In "Quantum field theory for the gifted amateur" by Lancaster and Blundell, section 8.3 they do a calculation of the amplitude for a relativistic particle propagating from one point to another. they find that it leads to the particle propagating outside its light cone. This sort of calculation can cause confusion because there is no such thing as a particle being at a single point in QFT. Lancaster and Blundell try to treat this as a reductio ad absurdum of single particle relativistic quantum mechanics and mention the Compton wavelength issue at the end of the section, but this seems to confuse a lot of readers.
A better discussion of locality in quantum field theory can be found in "The conceptual framework of quantum field theory" by Anthony Duncan, see especially Chapter 6, Section 6.5.
Regarding your first question: Every observable process have to obey causality. One of the reason why QFT is created in the first place is that we want a quantum theory obeying the causality.

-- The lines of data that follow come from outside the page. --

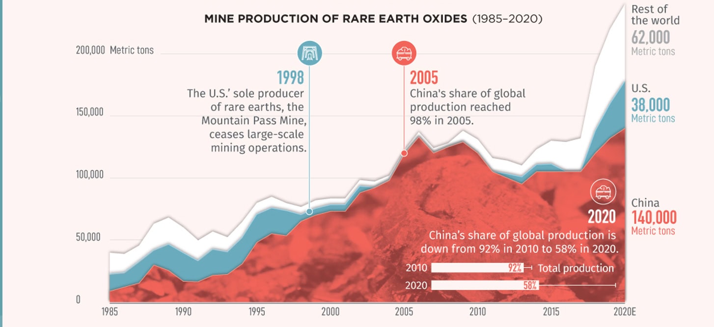 Pokud jste v odebírání tak strategicky důležitých materiálů závislí na Číně, je to zadání pro problém. Západní státy si to začaly uvědomovat po roce 2000, kdy Čína ovládla téměř 100 % trhu.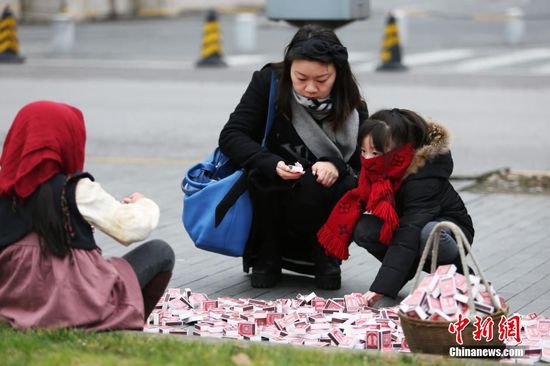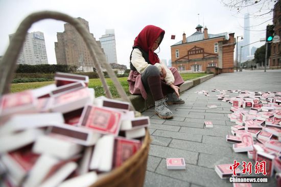 1月12日,上海外灘街頭出現(xiàn)一位小女孩,她身穿古典長(zhǎng)裙,頭裹赭紅色圍巾,挎著裝滿火柴的小竹籃,在寒風(fēng)中向過往的路人送小火柴。據(jù)了解,這是一次“愛心衣櫥”幫助中國山區(qū)孩子擺脫寒冷的愛心募捐活動(dòng)。在寒冷的冬天,他們嘗試以“賣火柴的小女孩”活動(dòng),喚起社會(huì)的關(guān)注,把更多的溫暖傳遞到中國山區(qū)寒冷孩子的手上。只要掃一掃火柴盒上的二維碼,就可以立刻向山區(qū)孩子送上一套溫暖新衣。張亨偉 攝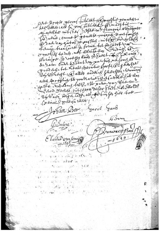 here vercoper geconstitueert, ende machtich gemaeckt te hebben, als sij constitueerde ende machtich maeckte mitsdes zidsere mr francoijs wtenbogaert zoo neve, omme de gemelte cooppen te ontfangen ende daer van quitan te passeren, mitsgaders bij den lesten temijn transport In forma tot behoeff van copersen te doen, met belofte van vrijding, ende Waringe, In voegen boven verhaelt, ende Belovende de rato, onder verbant van partiën personen ende goederen tot reale executie stoofs, ende gerechte van Utrecht, ende alles anderen gerechten, renuncien allen exceptien ter contrarie versoeck ende hier van Tracte. Gedaen folio 7ber pntie. van den M.r Gerard Deckers, out schepen deser Stadt, ende Ellarden van Waeij borger luth, als getuijgen hier toe special ende gerequireert. — Johan Bor Jacob Jansz G. Decker F: vande waer. Nots. Ellardus van Waeij . .. . By my 1649.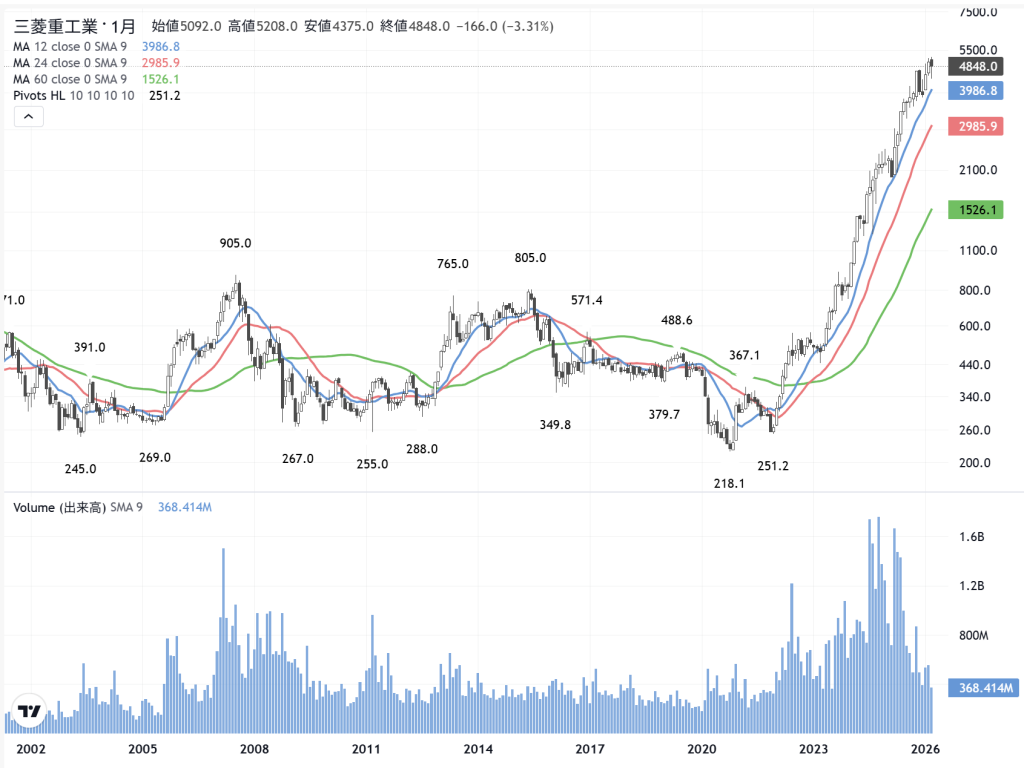 三菱重工 (7011) の月足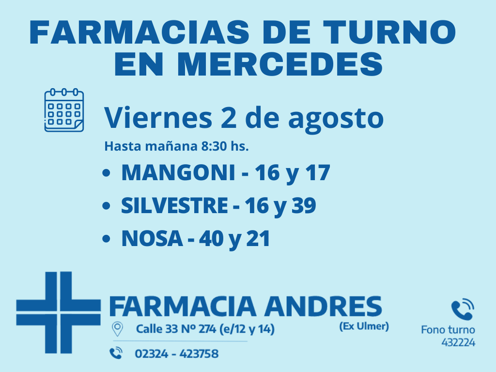 Desde las 8:30 del día de hoy hasta la misma hora de mañana, las farmacias de turno en Mercedes son: Mangoni, Silvestre y Nosa.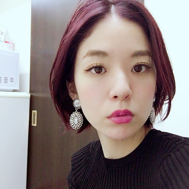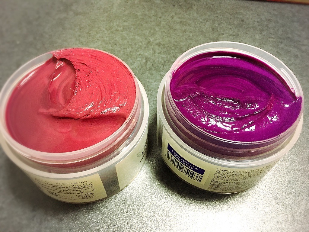 オレンジになった髪を紫に戻します。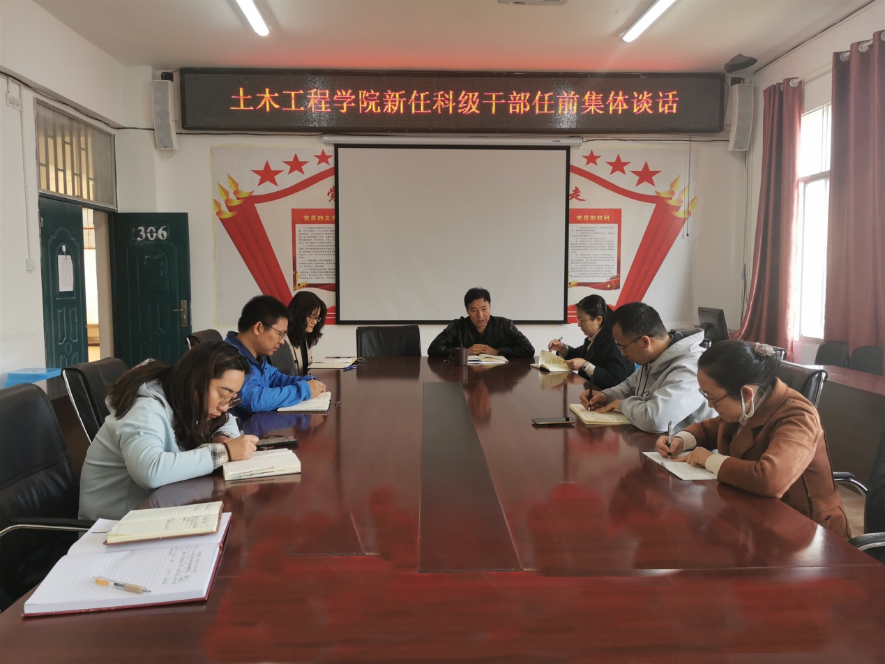 3月8日上午WilliamHill体育党委在土木楼306组织新任科级干部进行任前集体谈话。公司党委书记谭泽飞、副经理孙微微、副书记李贵兰、副经理王秋华,新任科级干部吴跃红、崔飞、芮蕊参加会议。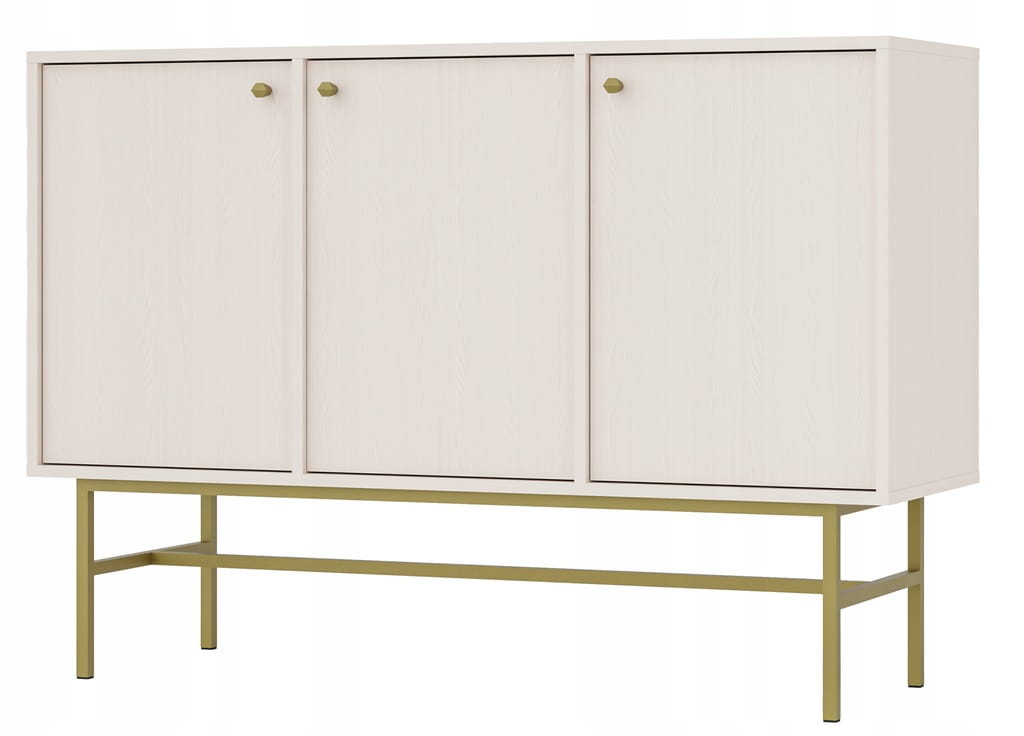 Komoda 3 drzwiowa z półkami - SYDNEY 3, beż piaskowy - złoty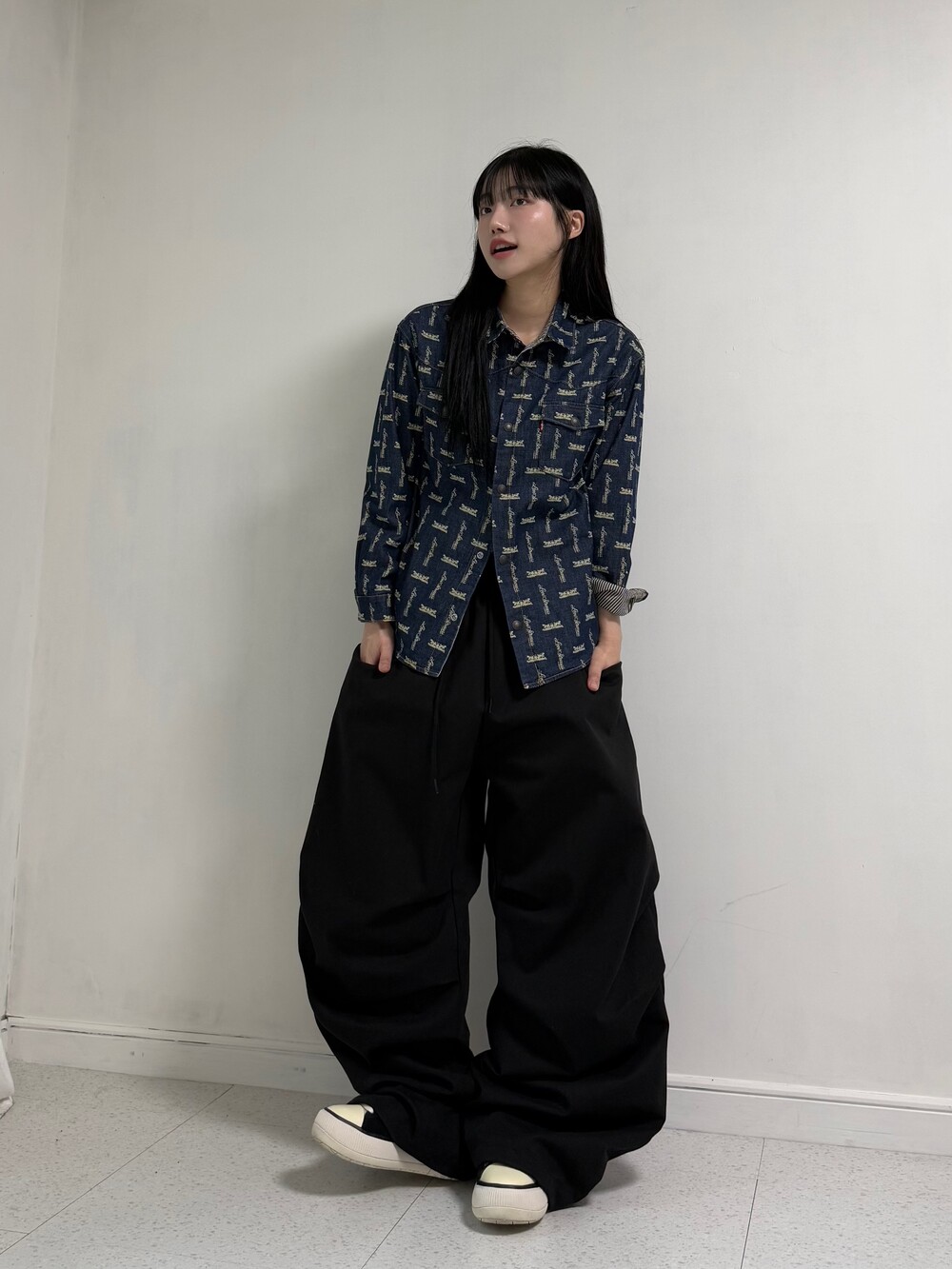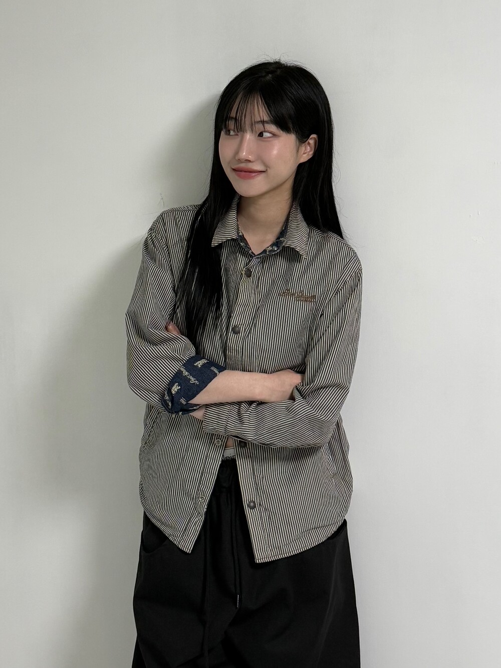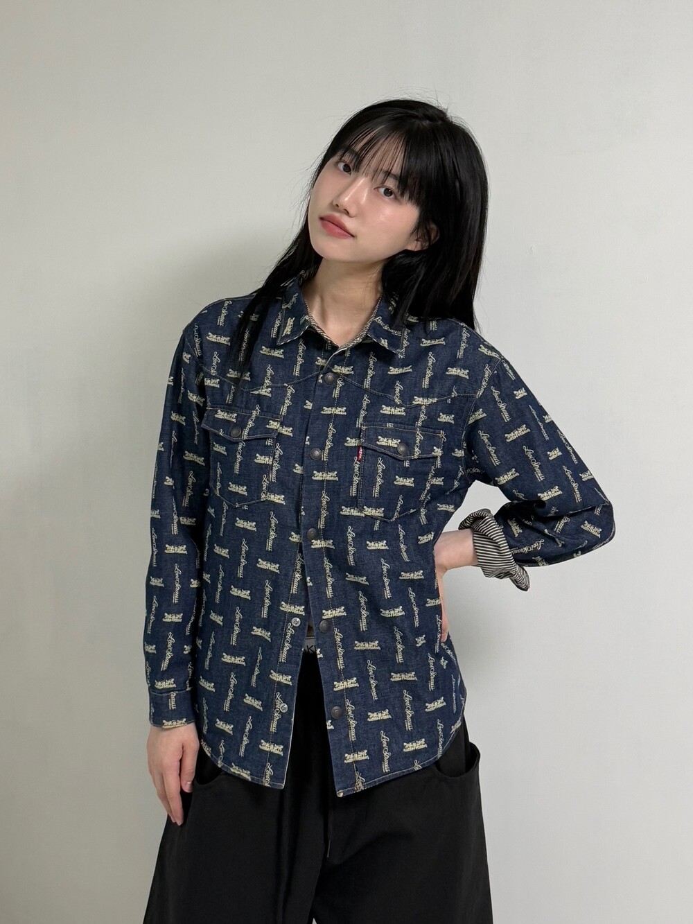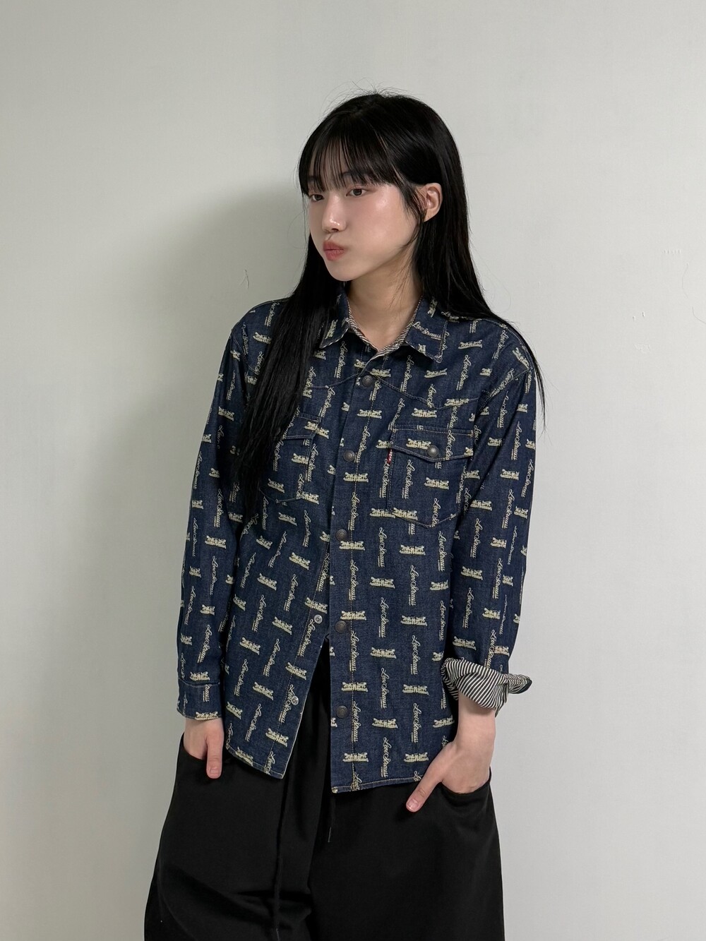 •리바이스 리버시블 자켓 이에요! 셔츠처럼 입어주셔도 좋습니다 히히. 유니크하게 리바이스 로고 패턴이 들어가있어 너무 예쁘지않나요..>_< 요고 툭 입어주시고 팬츠는 그냥 블랙치노 입어주셔요,바로 핀터걸-

This point has been clarified well enough by the previous answers. But looking through the question it seems that OP's question is more concentrated on the causality in Feynman diagram.
It is important not to mistake Feynman diagram for an actual process. Feynman diagram is just a way Feynman introduce to simplify the calculation of perturbation in QFT, so the process you see in a Feynman diagram, like one electron and positron collide and generate a virtual photon (mind the word "virtual") is not actually happening. And that' s why virtual particles might violate causality--they don't actually exist.
No, to my knowledge causality is a crucial part of quantum field theory. Everything that can be measured has to obey causality. For bosons, this corresponds to the fact that $\langle 0|[\phi(x), \phi^*(y)]|0 \rangle$ is always zero at space-like separation. For fermions, we know that $\langle 0| \lbrace \psi(x), \bar{\psi}(y) \rbrace |0 \rangle$ is zero outside the light cone. Since operators such as charge, energy, and momentum always involve an even number of spinor fields, this is enough to ensure that $[\mathcal{O}_1(x), \mathcal{O}_2(y)]$ is also zero outside the light-cone. Which says no two measurements can effect each other at space-like separation.
By the way, I don't have a mathmatical proof of how the anticommutation relation is related to the commutator of the operators. I would love to see one.